Unlike the web avatar, the web avatar either handles its own requests or forwards them directly to the currently installed web application.
Rich Client Interface¶
Unlike, the terminal service client, the web client is meant to be a web browser. A web browser has a rich client interface, including its own embedded scripting engine. Javascript event handlers are included in the web pages to handle player input and to provide updates from the web service’s /subscribe resource. Contrast this with the terminal client, which provides a simple interface for producing character output at specific coordinates.
Users¶
The User Database¶
The user database is a mapping of user entries that have been registered in the service, either via the terminal service or via the web service. Each player is identifier by a unique avatar ID which maps to a corresponding user entry.
User Entries¶
A user entry contains the avatar ID of the player. It also contains a reference to the current avatar for the player and a reference to the current application.
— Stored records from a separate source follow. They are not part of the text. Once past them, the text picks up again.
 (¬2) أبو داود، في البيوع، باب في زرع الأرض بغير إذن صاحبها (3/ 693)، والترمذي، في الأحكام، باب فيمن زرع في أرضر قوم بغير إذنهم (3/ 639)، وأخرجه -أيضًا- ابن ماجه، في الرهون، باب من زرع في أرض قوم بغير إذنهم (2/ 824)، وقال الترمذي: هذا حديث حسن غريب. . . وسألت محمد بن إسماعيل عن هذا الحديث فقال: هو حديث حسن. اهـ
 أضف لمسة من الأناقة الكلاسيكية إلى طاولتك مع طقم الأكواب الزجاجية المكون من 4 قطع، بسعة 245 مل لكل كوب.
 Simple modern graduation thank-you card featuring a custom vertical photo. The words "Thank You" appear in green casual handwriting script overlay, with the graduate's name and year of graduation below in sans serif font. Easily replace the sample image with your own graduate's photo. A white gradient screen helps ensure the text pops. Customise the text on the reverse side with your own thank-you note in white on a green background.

The entry also has some basic state information concerning whether a player has been invited to or has joined a session.
Sessions¶
Avatars¶
Applications¶
The user entry for a given player always has a single active application
registered at any given time. The application must be the appropriate kind for
the current user avatar. E.g. terminal avatars require terminal applications
and web avatars require web applications. Applications must be convertible from
one kind to another so that a user can switch between interfaces. Because of
this, an application should maintain state in its appstate property which can
readilly be transferred to a similar application of a different kind.
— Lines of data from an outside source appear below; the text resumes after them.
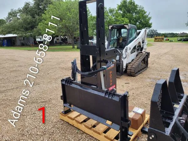 Skid Steer Post Drivers Several different options Tackle tough post driving jobs with Premier Attachments’ PD 750, PD 1000, and PD 1500 Post Drivers – designed specifically to harness the hydraulic power of your standard or high-flow skid steer loader. Whether you’re pounding posts for fencing, guardrails, or utility work, these versatile drivers deliver serious impact and rugged reliability. Built for heavy use, these models are compatible not only with skid steers and compact track loaders, but also with backhoes and excavators — giving you maximum flexibility on the job site. Choose the Right Driver for Your Job: PD 750 – Compact Powerhouse Energy Class: 750 ft/lbHydraulic Flow: 12-20 GPMDriving Cup Diameter: 8 Minimum Machine Capacity: 1,400 lbsBase W 8 with Universal Skid Steer Mount: 1,200 lbsExcavator Operating W 8: 7,500 – 15,000 lbsShaft Diameter: 2-3/4 PD 1000 – Heavy-Duty Performer Energy Class: 1,000 ft/lbHydraulic Flow: 15-25 GPMDriving Cup Diameter: 9 Minimum Machine Capacity: 1,800 lbsBase W 8 with Universal Skid Steer Mount: 1,350 lbsExcavator Operating W 8: 9,900 – 18,000 lbsShaft Diameter: 3 Premier Hydraulic Augers attachments built in fort wayne Indiana The 750 typically stocking in 2 different options 1 the 750 c standard mount for Skid-Steer see photos 5,6,7,8 Sells for only $5,999.00 Then we offer the high reach for tall game fence 750 e model $6,899.00. See photos 1,23,and 4 Pins pull and slide the drive up the Extension and your on your way to fence building Without breaking the bank With a outstanding product at great prices Next up The model 1000 with the high reach option allows the driver to simply slide up and down the mount pulling 2 pins adding app 48 plus inches of h 8 Sells for Only $7,999.00 Plus tax Card users add percent 210-658-8111 Monday thru Thursday 8 am-5 pm ALWAYS CALL BEFORE DRIVING OUT 210-912-0196 TEXT Thanks tim adams 63 acre demo site Try It before you buy it We stock Montana Brand 350 great smaller driver doe od 4 inch perfect up to 3 inch pipe Ideal for smaller pipe ..t post. Tee post t-post chain posts rebar grounding rods 350 sold in 3 different mounts Fork mount..forks and fork frames sold separately its only $2,999.00 see photos 15, 20 and 21 Center mount 350 $3,699.00 see photos 16 ,18 and 19 The offset mount 350 allowing quick and easy drive forward no turning. No backup needed saves time in new fence as well as replacing or repairs on existing fence $4,699.00 see photos 12,13 and 14 Next up The 750 Montana $6,899.00 see photo 17 The 1000 Montana Montana Hydraulic breakers Hammer jack for breaking rock concrete etc See photos 9 and 10 The belltec post drivers As well as belltech auger bits extensions Drive units Like m 300 H 300 H 350 Bits from 2 inch up to 36 inch Stump planers planer bits Rock bits Dirt bits Teeth for bits Dirt and rock We stock Premier md 12 Ho 15 Ho 19 Auger Drive unit HERE as well To meet your fence building needs As well as We stock Over 400 entirely different attachments Great selection Of previously owned skidsteer loaders Augers Bits Grapple Trencher Pallet Forks Hydraulic Augers Hydraulic breakers Hammer jack breaker Bucket teeth smooth Stump planers Stump grinder Rock skeleton bucket Grapple Brush grapple Tree pullers Post driver Post puller Rock bits Dirt bits Brush grapple Brush Hog cutters Mowers Fork Hay spear Fork grapple Auger drive kit Tree cutter Brush shark Jenkins Belltec Loflin Fabrication Blue Diamond Log splitter T post driver Montana Post Driver Concrete Mixer mud bucket Mulch spreading Smooth bucket grapple Rakes rake Track loader gloves Track Tracks Tires rims Skid wheel drive Backhoe attachment plates Thumb front hoe mini excavator Cid ALWAYS REMEMBER PROVERBS 163
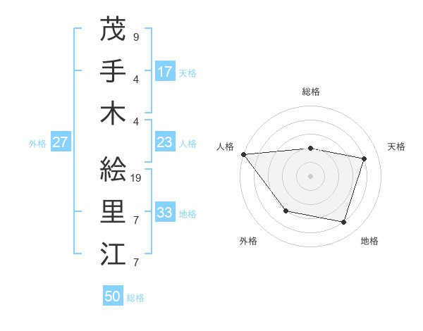 茂手木 絵里江さんを姓名の画数から五運を鑑定
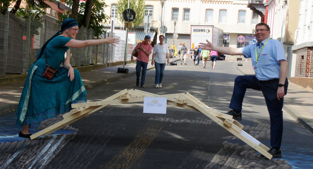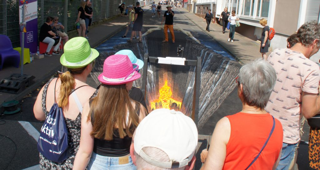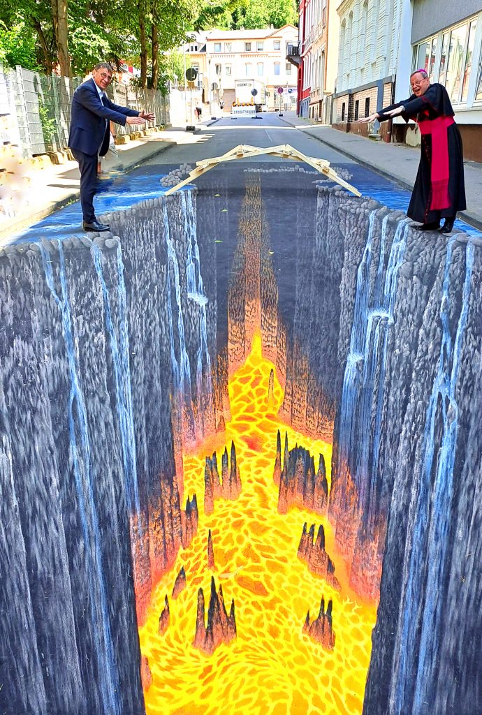 Zum echten Hingucker entwickelte sich ein Straßenkunst-Projekt der Kirchen auf dem Rheinland-Pfalz-Tag. Ein klaffender Abgrund aus Felsen mit Blick auf Lava und Wasserströmen in 3D-Optik ließ Passanten erschaudern. Der Street-Art-Künstler Edgar Müller hatte das Bild in einwöchiger Arbeit auf dem Boden in Bad Ems geschaffen. Unter Anleitung der Evangelischen Jugend im Dekanat Nassauer Land versuchten sich viele Menschen darin, eine Leonardo-Brücke über den Abgrund zu bauen, die aus losen Balken besteht. Kein leichtes Unterfangen und ähnlich schwierig, wie sich in diesen Zeiten Brücken zwischen den gesellschaftlichen Gruppierungen bauen lassen. Das Werk mutierte zu einem beliebten Foto-Motiv beim Landesfest.

Applications implement the
txwerewolves.interfaces.IApplication.produce_compatible_application()
to perform such conversions.
The Lobby Application¶
The Lobby application is the default application. Each player’s state is maintained by a finite state machine. Players may move through various states. A player may start a session and invite others to join. She may accept an invitation or reject it. She can leave a session or cancel a session she initiated. She may also start a session which players have joined. this latter action will replace the Lobby application for players who have joined the session with the Werewolves! game application.
The Werewolves! Application¶
The Werewolves! game application is different from the Lobby application in that the game state is shared amongst the members of the session. In contrast, the Lobby application of a given player doesn’t share state with the Lobby applications of other players– all interaction is mediated via changes to a shared session instance.
The game application is modeled as a shared finite state machine. Players are only able to activate transitions in the game’s state machine when their role becomes active, but this information is generally kept hidden from the other players.